Quick print shop loveland professional#

“My goal was to be a one-stop shop for the harried marketing professional or administrative professional who gets a lot of these tasks dumped on them and struggles to get them done,” he said, adding that he targets small and midsized companies as clients. … We’ll put it together, we’ll mail it - kind of run the whole thing. … We can build out their marketing message with copy writing. “We have designers on staff at all three locations,” he said. Mullan, who has a marketing background, said his company offers business customers marketing fulfillment and execution. She said adding QPS to Mullan’s company will give Loveland customers access to some things that Bernhardt couldn’t do, such as large-format signage and mailing services. I was just tired and had run out of steam,” said Bernhardt, who grew up working in her parents’ print shop. It needs some new enthusiasm and a desire to grow. The print shop needed the change, she said.

quick print shop loveland

But one day, feeling “fed up and tired,” she replied and was put in touch with Mullan, who was looking for a way to extend his reach into Northern Colorado. “It needs some new enthusiasm”īernhardt said she had received a mailing months ago from Allegra asking if she were interested in selling her businesses. “I want to introduce the new owner and manager to the community,” she said. “Physical assets change out … but the people are what you are looking for, the customers and the employees,” he said.īernhardt said she will “hang out and consult a little bit as needed” with the new management of the shop. They like variety and enjoy interacting with customers,” he said. “I look for an organization where the employees are dedicated and have a long history of really liking their work and enjoy doing a good job. “One thing distinctive about all these businesses is there’s a lot of long-serving, close-knit employees, some of whom just need a little more exposure and training, a little more opportunity, which we can provide, being a bigger organization,” he said.

quick print shop loveland

In each case, including the purchase of QPS in Loveland, he said he was looking for a certain culture. To build his printing and marketing business, Mullan has bought four print shops in the metro area and consolidated them into the operations in Aurora and Boulder. She moved to Loveland in the past year, he said, and was commuting to Boulder, so she’s excited to be stationed here. Konz worked with another Allegra franchisee in Dallas before moving to the Denver area in 2016 and starting to work for Mullan.

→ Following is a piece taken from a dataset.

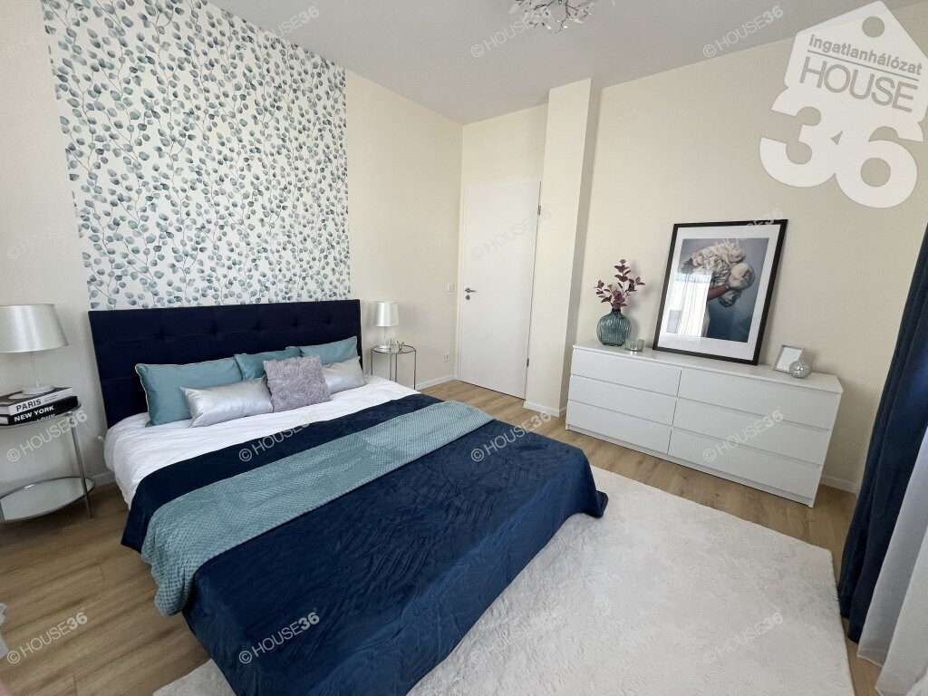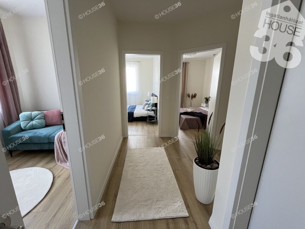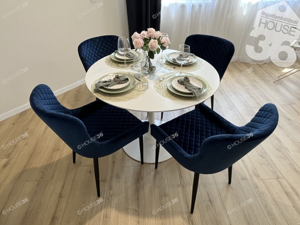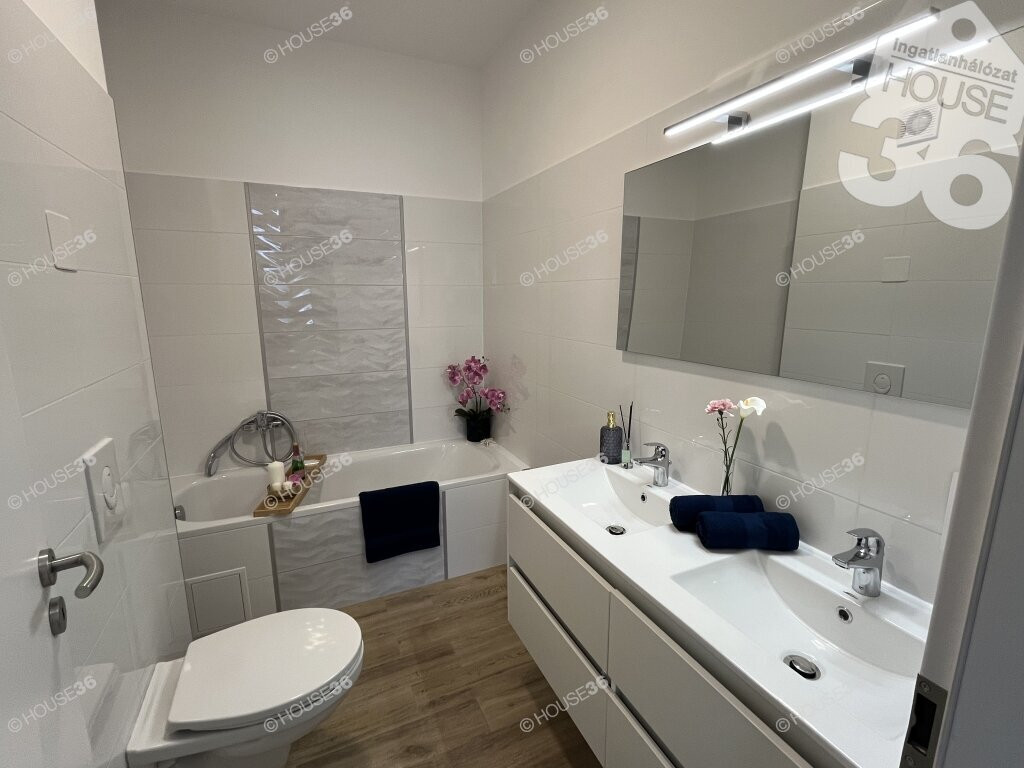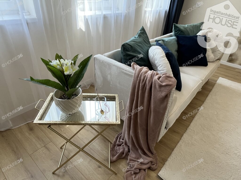 A lakás teljes területe laminált padlóval burkolt, kivéve a háztartási helyiséget, a fürdőszobát és a külön WC-t. Ezekben a helyiségekben páraelszívó rendszer működik. A minőségi álomkonyha varázsát egyedi hangulatvilágítás teszi még vonzóbbá.

quick print shop loveland quick print shop loveland

So in addition to keeping on the Quick-Print Shop’s two full-time and four part-time workers - including Tarbox - he has named print industry veteran Skye Konz as the shop’s manager. Mullan has been in the printing business for less than five years, buying into the Allegra franchise after a career as an executive in the oil industry. He will continue to work at the shop part-time. His daughter, Kim Bernhardt, sold the business, which has been in the family since Tarbox bought it in 1961. Jenny Sparks / Loveland Reporter-HeraldBus Tarbox measures a save-the-date card before using the cutter machine on Friday at the Quick-Print Shop in downtown Loveland.